**WHAT TO WORK ON:**
Copy the lines below exactly, starting at the one with "- Qua hình trên" and ending at the one with "Full Cup: Fits 30-46 Bands, F-H Cups", and leave out any picture.

**RECORDED DATA:**
· · ·

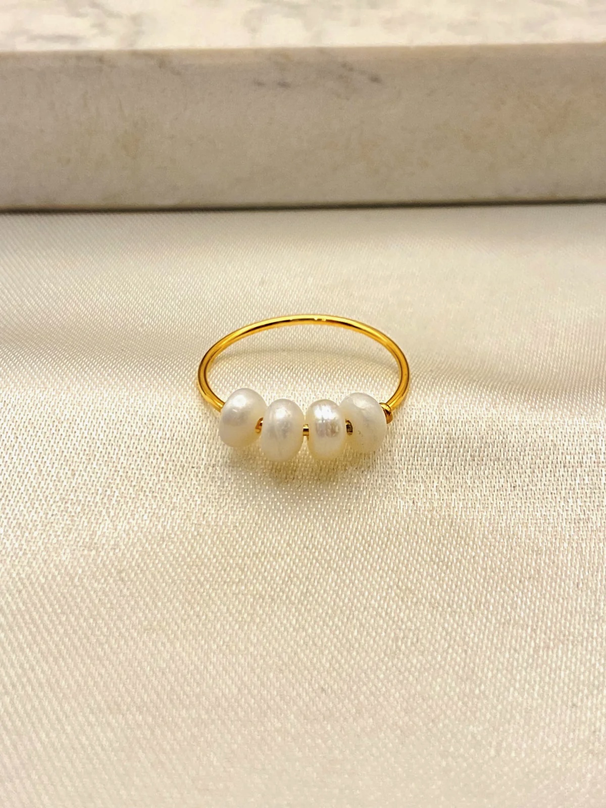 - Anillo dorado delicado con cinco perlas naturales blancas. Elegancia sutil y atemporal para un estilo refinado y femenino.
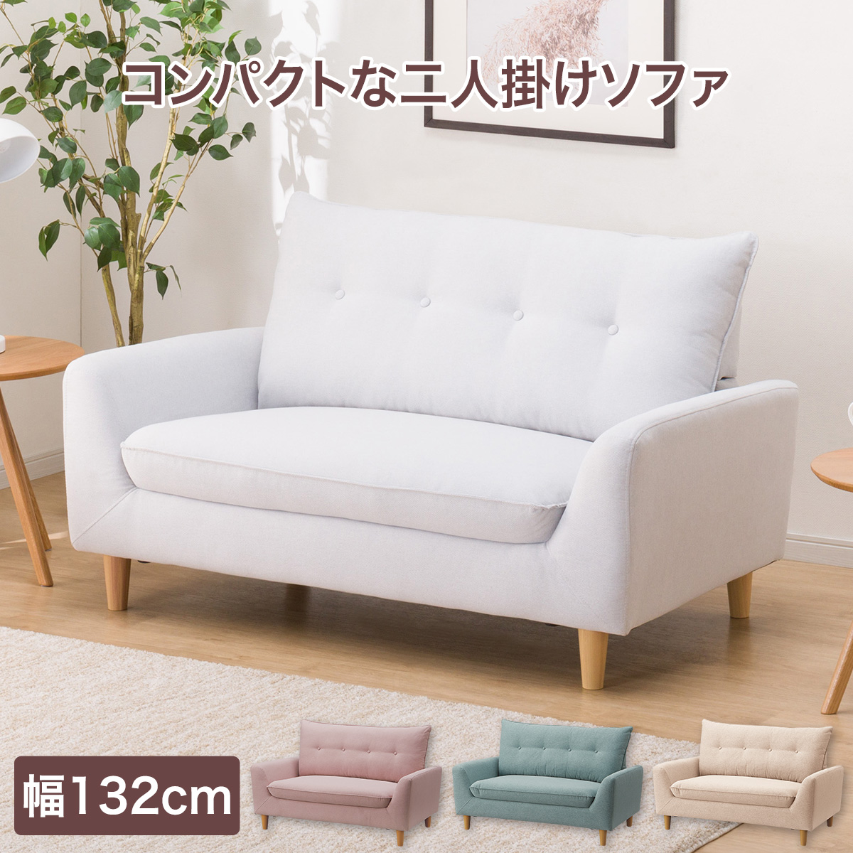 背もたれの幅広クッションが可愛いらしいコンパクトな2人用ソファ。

· · ·

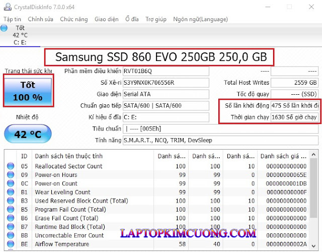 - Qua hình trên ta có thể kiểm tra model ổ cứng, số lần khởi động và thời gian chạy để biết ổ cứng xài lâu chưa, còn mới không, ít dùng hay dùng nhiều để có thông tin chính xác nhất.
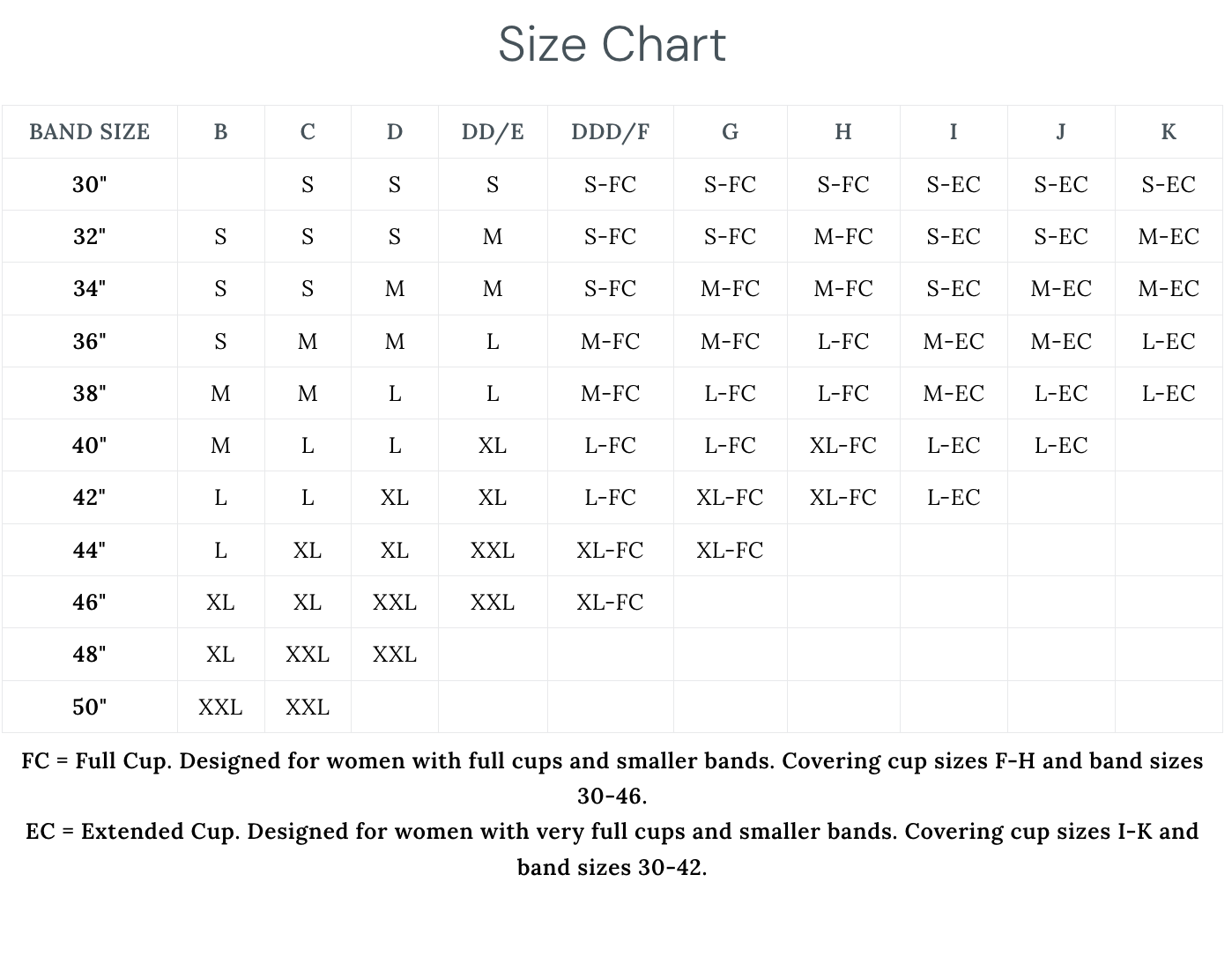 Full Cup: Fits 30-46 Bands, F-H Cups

· · ·

**ANSWER FOR THE TASK:**
 - Qua hình trên ta có thể kiểm tra model ổ cứng, số lần khởi động và thời gian chạy để biết ổ cứng xài lâu chưa, còn mới không, ít dùng hay dùng nhiều để có thông tin chính xác nhất.
 Full Cup: Fits 30-46 Bands, F-H Cups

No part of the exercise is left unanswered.